A dispute over the growing abuse by consumers of manufacturer coupons may end up in the courts after supermarkets were accused of having policies that were "no different from allowing consumers to shoplift".

The Institute of Sales Promotion, which represents manufacturers that issue money-off coupons, said it was taking legal advice because one in six of the 450 million money-off coupons distributed in the UK each year was redeemed against the wrong product, and the problem was costing fmcg companies £50m a year.

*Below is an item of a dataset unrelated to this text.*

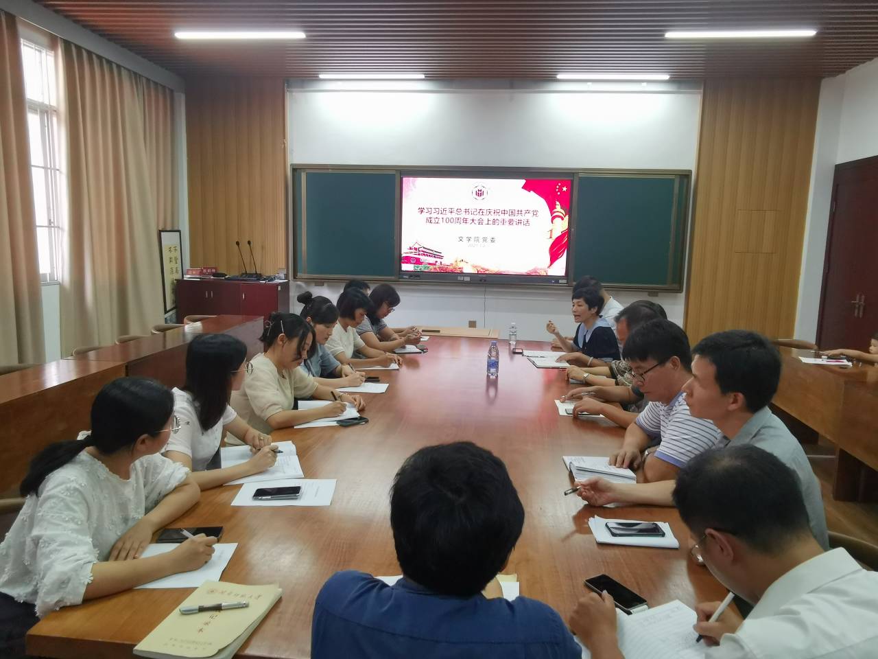 会上,赵丽霞带领与会人员认真学习了习近平总书记在庆祝中国共产党成立100周年大会的重要讲话精神。赵丽霞指出:高校是坚持党的领导的坚强阵地,落实立德树人根本任务,最根本的保证还是党的领导,要充分发挥党建引领事业的核心作用,立根固本,让伟大建党精神在师生群体中深深扎根、代代相传。我们要把学校学院各项事业放在国家发展全局和高等教育格局中来审视分析,坚决为党和人民守住高校这块育人阵地,弘扬中华优秀传统文化,赓续红色血脉,牢牢把握意识形态主动权,为推动人的全面发展做出新的贡献。各级党组织应当高度重视对讲话精神的学习领悟,做到会前每人提交心得体会,会中每人轮流发言,会后继续深入学习领悟,争取凝炼为理论文章或者专题党课精品。各支部书记要将学习习近平总书记在庆祝中国共产党成立100周年大会的重要讲话精神作为当前及今后一段时期的重要政治任务,真抓实学,走实走深,与党史学习教育紧密的结合起来。

The ISP said it was consulting solicitors on whether it could force retailers to only accept coupons redeemed against the manufacturer's product. One fmcg supplier said consumer advice websites such as moneysavingexpert.com had spread the word that supermarkets often accepted coupons as cash.

He said the onset of recession had coincided with a new wave of deliberate attempts by organised coupon fraudsters to scam manufacturers. Tesco last year sent him a bill for spent coupons, £9,000 of which was for random face value sums never issued, he said.

"We issue 20p coupons but we had some coming back with the value of £24.31, another one £1.17. I realised the barcodes had been manipulated [by organised gangs]." Tesco agreed to refund the money after he disputed the claim.

Peter Kerr, chairman of the ISP's coupon committee and MD of coupon-handling company MRM, said he had recently dealt with 15 cases where individual stores had tried to claim back a higher value of coupons than the total value of product sales. "The situation is dreadful for some manufacturers," said Kerr. "Tens of thousands of pounds have been at stake at individual stores."

Tesco said it allowed cashiers to accept "single coupons but not multiples" without checking if the item had been purchased because it was not practical to spend time checking.